START Task inputs

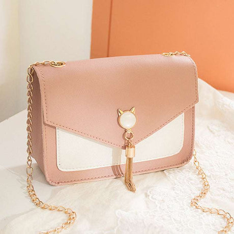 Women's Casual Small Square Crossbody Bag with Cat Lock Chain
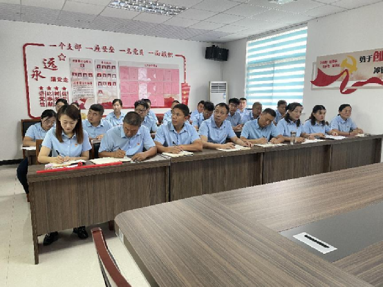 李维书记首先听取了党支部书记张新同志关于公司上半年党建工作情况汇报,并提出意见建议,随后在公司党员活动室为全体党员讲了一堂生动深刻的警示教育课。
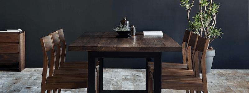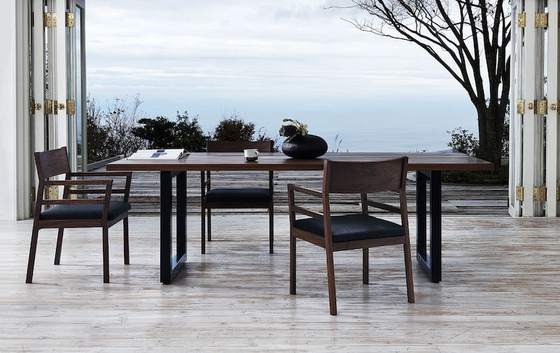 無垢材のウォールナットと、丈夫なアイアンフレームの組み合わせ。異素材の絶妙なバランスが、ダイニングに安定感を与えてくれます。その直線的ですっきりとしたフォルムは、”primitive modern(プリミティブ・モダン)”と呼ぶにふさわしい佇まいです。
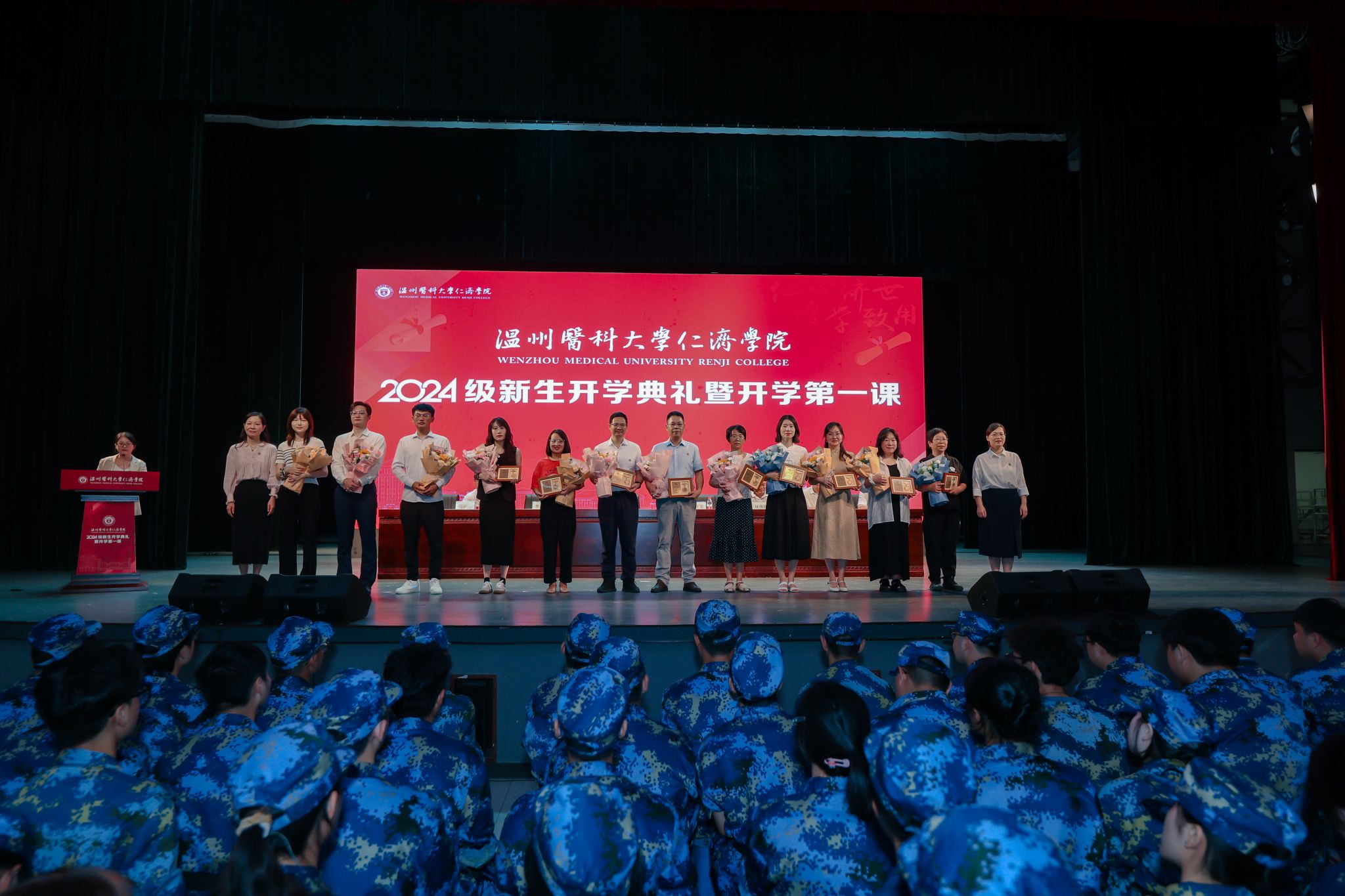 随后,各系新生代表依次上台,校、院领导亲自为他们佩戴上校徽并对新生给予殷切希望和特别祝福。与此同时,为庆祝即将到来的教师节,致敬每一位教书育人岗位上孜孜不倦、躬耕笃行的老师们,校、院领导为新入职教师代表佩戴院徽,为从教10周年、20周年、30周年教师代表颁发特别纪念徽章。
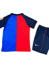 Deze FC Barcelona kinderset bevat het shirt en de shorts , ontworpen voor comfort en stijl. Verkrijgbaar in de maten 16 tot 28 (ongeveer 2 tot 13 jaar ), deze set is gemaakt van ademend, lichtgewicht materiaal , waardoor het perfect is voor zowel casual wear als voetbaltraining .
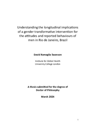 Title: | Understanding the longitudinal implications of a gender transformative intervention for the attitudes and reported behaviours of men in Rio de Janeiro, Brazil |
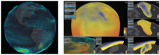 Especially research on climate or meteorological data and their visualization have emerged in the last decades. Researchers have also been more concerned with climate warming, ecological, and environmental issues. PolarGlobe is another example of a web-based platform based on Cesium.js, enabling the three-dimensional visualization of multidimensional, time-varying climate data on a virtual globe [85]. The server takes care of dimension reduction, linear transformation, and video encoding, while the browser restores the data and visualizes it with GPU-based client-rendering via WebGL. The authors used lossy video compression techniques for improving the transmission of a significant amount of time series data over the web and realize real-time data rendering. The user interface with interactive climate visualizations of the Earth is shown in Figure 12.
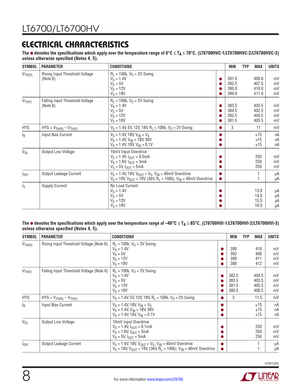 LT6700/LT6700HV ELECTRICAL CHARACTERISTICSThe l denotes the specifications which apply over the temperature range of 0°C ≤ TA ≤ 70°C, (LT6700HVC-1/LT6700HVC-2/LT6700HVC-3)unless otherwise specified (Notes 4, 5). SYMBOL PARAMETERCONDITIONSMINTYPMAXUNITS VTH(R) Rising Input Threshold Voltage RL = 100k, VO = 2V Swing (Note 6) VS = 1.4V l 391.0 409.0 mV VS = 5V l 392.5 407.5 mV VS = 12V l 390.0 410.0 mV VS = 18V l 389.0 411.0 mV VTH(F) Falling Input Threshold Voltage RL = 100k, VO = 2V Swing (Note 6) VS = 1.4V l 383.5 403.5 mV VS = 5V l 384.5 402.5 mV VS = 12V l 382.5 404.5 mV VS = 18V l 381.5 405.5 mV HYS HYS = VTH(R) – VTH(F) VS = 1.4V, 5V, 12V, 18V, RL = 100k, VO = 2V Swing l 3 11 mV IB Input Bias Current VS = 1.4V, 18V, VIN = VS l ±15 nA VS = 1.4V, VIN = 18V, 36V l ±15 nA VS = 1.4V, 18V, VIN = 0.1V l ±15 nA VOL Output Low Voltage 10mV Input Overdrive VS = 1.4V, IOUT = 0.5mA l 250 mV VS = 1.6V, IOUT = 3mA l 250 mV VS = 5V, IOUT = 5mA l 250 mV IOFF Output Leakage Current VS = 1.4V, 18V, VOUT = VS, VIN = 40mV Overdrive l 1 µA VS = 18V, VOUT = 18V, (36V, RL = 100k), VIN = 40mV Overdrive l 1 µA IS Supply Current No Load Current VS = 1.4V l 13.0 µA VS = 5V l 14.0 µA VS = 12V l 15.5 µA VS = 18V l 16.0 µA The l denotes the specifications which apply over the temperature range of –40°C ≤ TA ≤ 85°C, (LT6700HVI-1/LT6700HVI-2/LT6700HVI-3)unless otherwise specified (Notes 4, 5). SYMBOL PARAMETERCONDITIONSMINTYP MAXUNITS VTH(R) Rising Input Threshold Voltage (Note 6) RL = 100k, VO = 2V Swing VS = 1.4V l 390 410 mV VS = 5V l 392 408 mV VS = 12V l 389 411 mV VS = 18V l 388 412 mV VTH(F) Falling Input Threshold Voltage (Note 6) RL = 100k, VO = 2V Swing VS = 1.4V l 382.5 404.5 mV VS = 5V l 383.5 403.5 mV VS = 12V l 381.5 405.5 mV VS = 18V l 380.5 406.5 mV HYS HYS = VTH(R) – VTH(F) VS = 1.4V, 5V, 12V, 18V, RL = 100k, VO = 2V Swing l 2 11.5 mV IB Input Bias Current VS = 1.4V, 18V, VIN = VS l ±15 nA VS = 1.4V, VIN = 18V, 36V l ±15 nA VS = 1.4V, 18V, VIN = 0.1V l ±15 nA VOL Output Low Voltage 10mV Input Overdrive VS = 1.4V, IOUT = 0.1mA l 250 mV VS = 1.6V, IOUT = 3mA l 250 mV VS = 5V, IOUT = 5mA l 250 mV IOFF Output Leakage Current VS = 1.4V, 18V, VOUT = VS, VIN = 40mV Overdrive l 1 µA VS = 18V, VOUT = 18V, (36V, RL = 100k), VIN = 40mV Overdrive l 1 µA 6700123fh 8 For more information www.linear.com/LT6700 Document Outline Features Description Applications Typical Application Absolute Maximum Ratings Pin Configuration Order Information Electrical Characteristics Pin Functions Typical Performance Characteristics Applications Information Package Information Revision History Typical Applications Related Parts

END Task inputs
START Task inputs

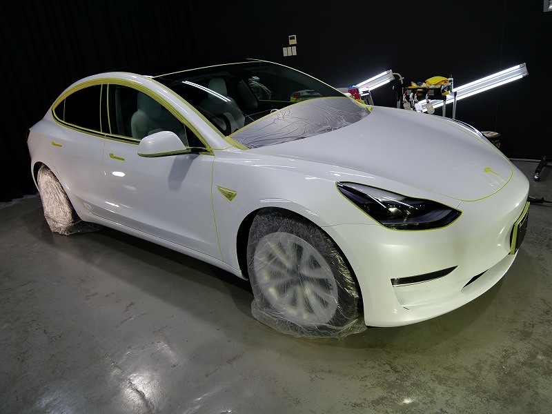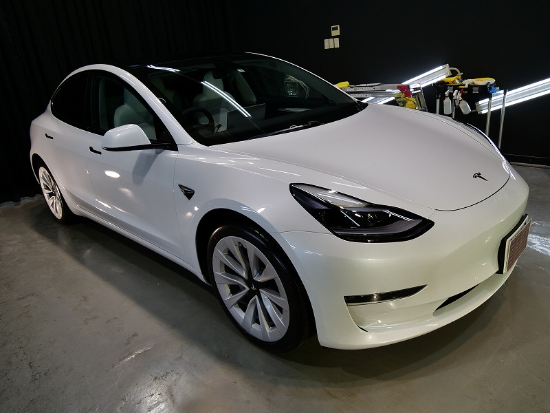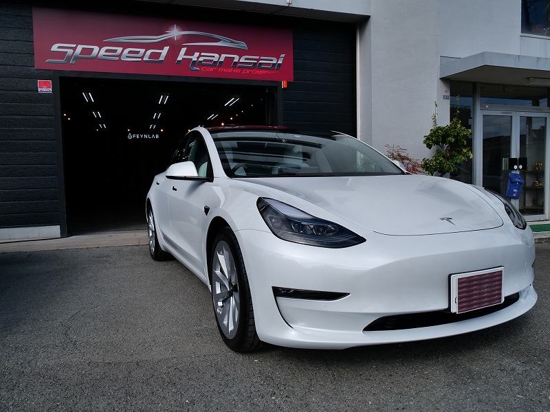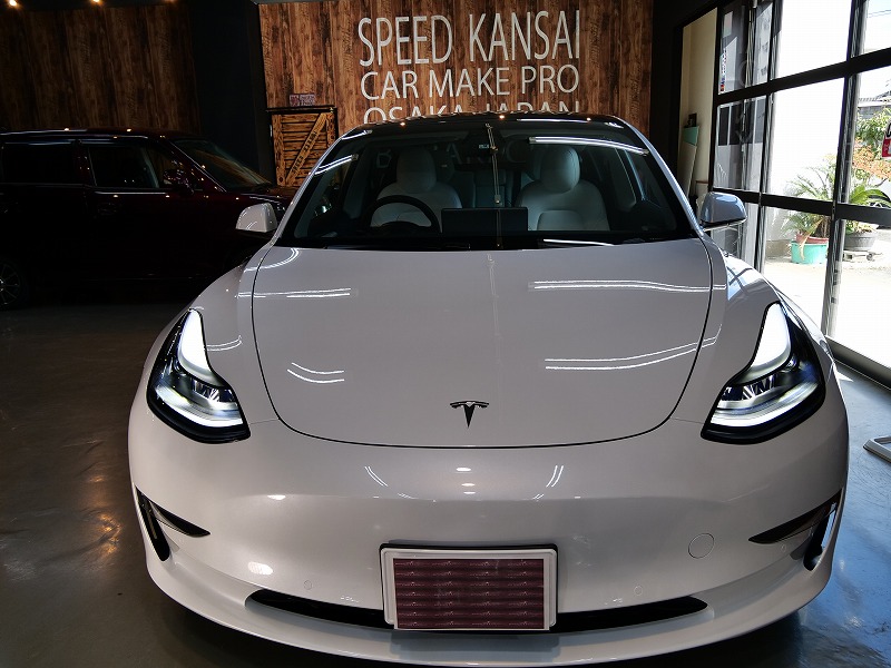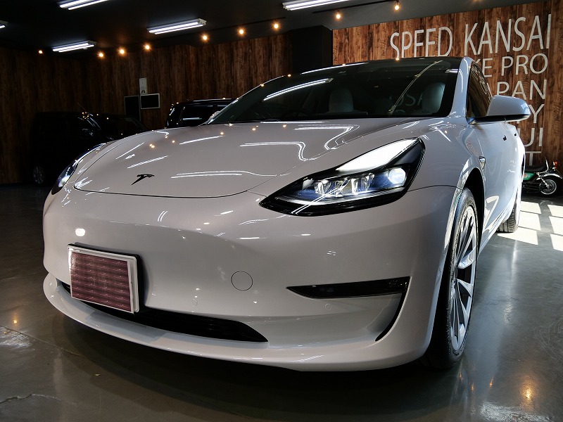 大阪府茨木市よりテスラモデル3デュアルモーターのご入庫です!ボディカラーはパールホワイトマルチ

END Task inputs

__Description of the task__: In the material above, the stretch from the line with "Title: | Understanding" through the line with "Especially research on" is to be given again exactly, minus the pictures.

__Answer below__:
 Title: | Understanding the longitudinal implications of a gender transformative intervention for the attitudes and reported behaviours of men in Rio de Janeiro, Brazil |
 Especially research on climate or meteorological data and their visualization have emerged in the last decades. Researchers have also been more concerned with climate warming, ecological, and environmental issues. PolarGlobe is another example of a web-based platform based on Cesium.js, enabling the three-dimensional visualization of multidimensional, time-varying climate data on a virtual globe [85]. The server takes care of dimension reduction, linear transformation, and video encoding, while the browser restores the data and visualizes it with GPU-based client-rendering via WebGL. The authors used lossy video compression techniques for improving the transmission of a significant amount of time series data over the web and realize real-time data rendering. The user interface with interactive climate visualizations of the Earth is shown in Figure 12.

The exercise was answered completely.